Conclusion: The current research helps to reveal a potentially important endogenous protective mechanism that could serve as a novel therapeutic target against VIDD.

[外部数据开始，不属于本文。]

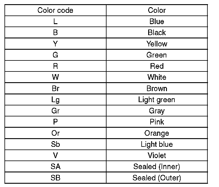 - The following color codes are used to indicate the colors of the wires.
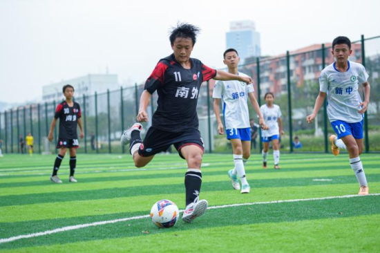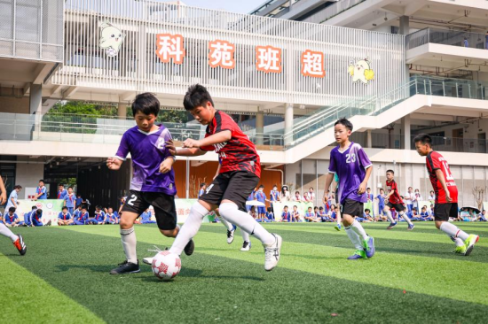 南山学子在深圳市中小学校园足球班级联赛中激烈比赛。图片来源:南外集团
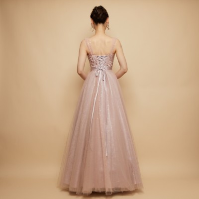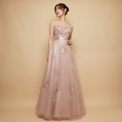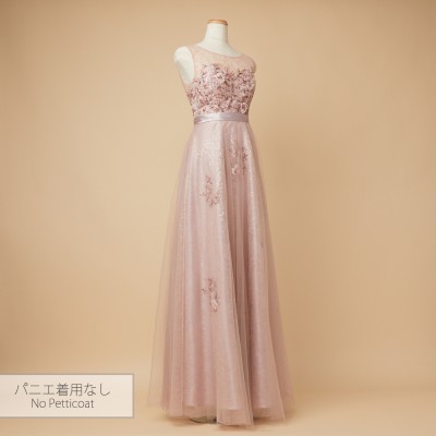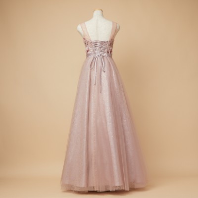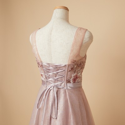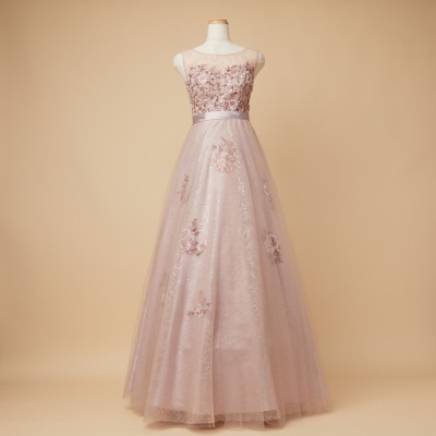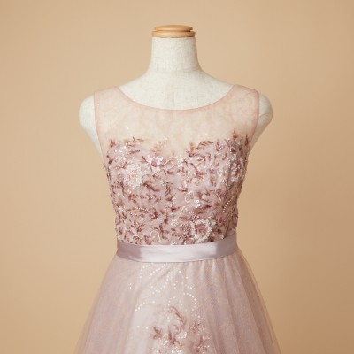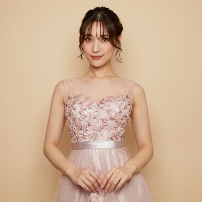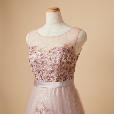 スモークカラーフラワービーズ刺繍ダスティローズドレス
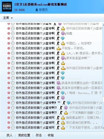 很没素质,什么样的人反G,穷b没钱玩,就滚,天成差你?还不封就不玩你跟谁说呢,妈的刷镰刀的时候一个个,挂哥挂哥的叫着,有病吧,一下午跟小孩是的在这喊,有用吗?告诉你们以前这种事发生n次,天成照样不管,好好玩得了,好好想想哪个游戏没挂,有这时间去打打游戏,不愿意玩的就滚,还新枪就踢?g你们能踢出去?闹了一下午有效果?好好想想吧
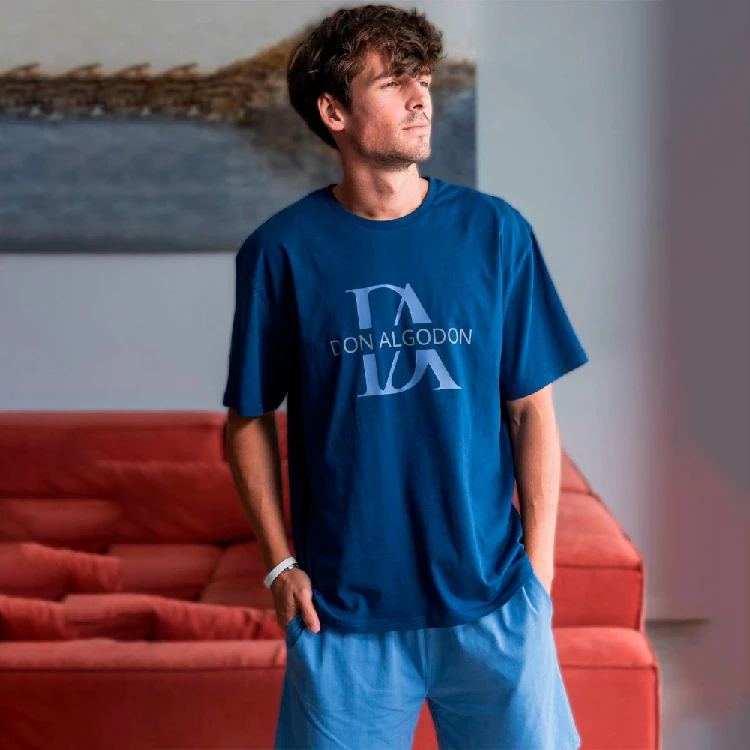 Pijama Hombre Don Algodón ,Camiseta De Manga Corta Y Cuello Redondo Con Estampado En El Pecho. Pantalón Corto Básico Con Bolsillos En Los Laterales.

背景:在重症监护病房(ICU),机械通气(MV)是常用的挽救患者生命的手段。然而,呼吸机诱发的隔膜功能障碍(VIDD)会阻碍危重患者的脱机并恶化预后,从而使治疗复杂化。本研究的目的是确定参与内源性抗VIDD保护机制的潜在基因。方法:选取成年雄性家兔12只,在相同麻醉条件下分为MV组和对照组。采用免疫染色和定量形态测定法评估膈肌萎缩,采用RNA-seq法研究各组间的分子差异。此外,使用WGCNA分析核心模块和枢纽基因,随后通过将差异表达基因(deg)与WGCNA中的枢纽基因重叠,发现了共差异表达的枢纽基因。经western blotting (WB)和定量实时聚合酶链反应(qRT-PCR)验证所鉴定的基因。结果:成功建立VIDD模型后,MV组与对照组之间差异1276个deg。绿松石色和黄色模块被鉴定为核心模块,Trim63、Fbxo32、Uchl1、Tmprss13和Cst3被鉴定为5个共差异表达的枢纽基因。在排除这两个萎缩相关基因(Trim63和Fbxo32)后,其余3个基因/蛋白(Uchl1/ Uchl1、Tmprss13/ Tmprss13、Cst3/ Cst3)在MV组中表达水平显著升高(P < 0.05),提示膈肌功能障碍存在潜在的抗蛋白酶体、抗凋亡和抗自噬机制。结论:本研究有助于揭示一种潜在的重要内源性保护机制,该机制可能作为治疗VIDD的新靶点。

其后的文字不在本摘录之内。